During the 1930s, after Nansen’s death, Quisling began to work on his ‘philosophical’ ideas. Quisling developed a fantasy about the north: he thought Norway was the homeland of the Nordic race, and believed the nation should play a leading part in the Greater Nordic Peace Union. The Nordic race, he believed, was a force for global civilization, and by working together, Quisling believed, the Nordic or Nordic-friendly countries would create world unity. He wanted the Scandinavian countries and Germany and Britain to form a ‘Nordic League.’ Quisling maintained that materialist creeds would collapse, and be superseded by a return to spiritualism.
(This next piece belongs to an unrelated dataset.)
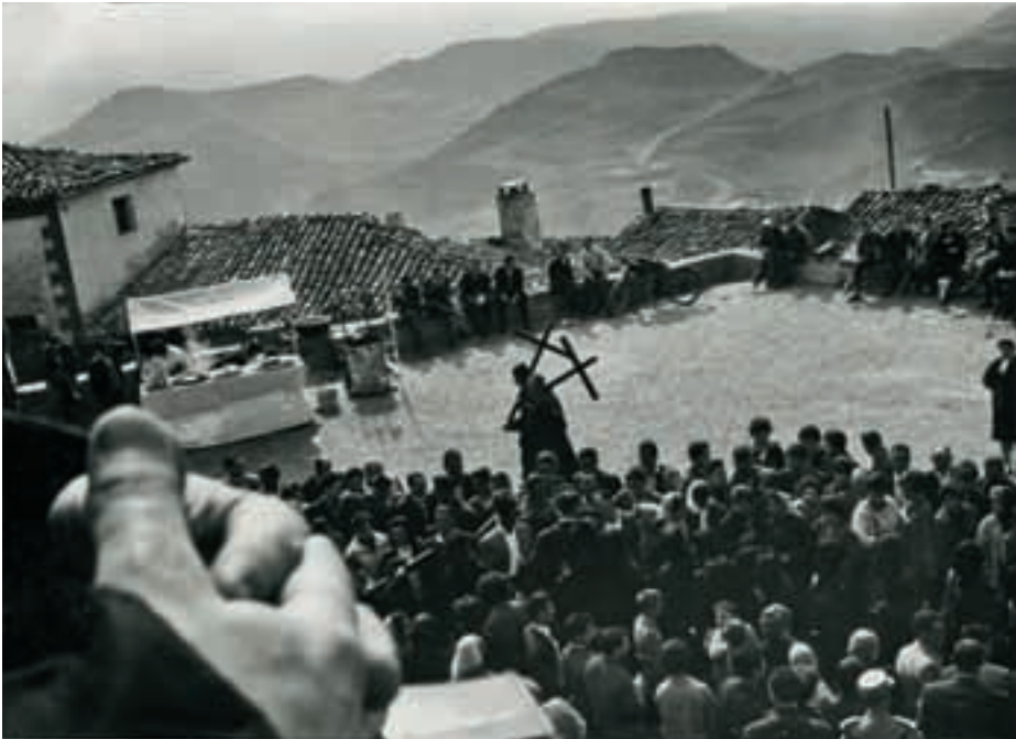
Unterwegs in Spanien

EE wird arbeiten, ich will ihm helfen oder einfach dabeisein. Arkady fasziniert mich auch, er hat viele gute Eigenschaften und ist ein eleganter Mann von Welt, kultiviert und mit guten Manieren. Aber ich fliege nach Europa, um meinen Meister zu treffen, einfach weil unsere Seelen nach einander verlangen. EE ist zwar verheiratet und hat vier Kinder, aber das bedeutet mir nichts, ich gehöre nicht zu seinem normalen Leben. Und diese kommenden zwei Wochen sind nichts anderes als zwei Wochen fern der bekannten Augen und Zungen. Nichts vorher und nichts nachher, dachte ich. Und was später kommt, wird bestimmt nicht gut. Also wozu jetzt daran denken.

I imagined, as the boat moved along the coast, that Nansen would have dismissed Quisling’s world-changing scheme as utopian adolescence. Nansen’s enthusiasms and passions were undercut by a brooding sense of melancholy, bordering on despair. It was a state of sensitive paralysis that had come to him during the Arctic night, even as he marvelled at the beauties of the ice floes. It was a form of humility, a reluctant acceptance of the insignificance of human desires and doctrines in the face of the vast emptiness of the northern regions. A writer of vivid imagination, a myth collator of eclectic tastes, Nansen was also precise and realistic, qualities fashioned by the trial of theory during Arctic travel. When Quisling began to entwine his variety of nationalism with the schemes of the German National Socialists, Nansen would have despised the presumption and barbarism of the Nazis, their belief that world orders could be created through violence and destruction. As he had recoiled from the totalitarian force of the Communist state, Nansen would have been repulsed by the curtailing of individual freedoms inherent to the Nazi order.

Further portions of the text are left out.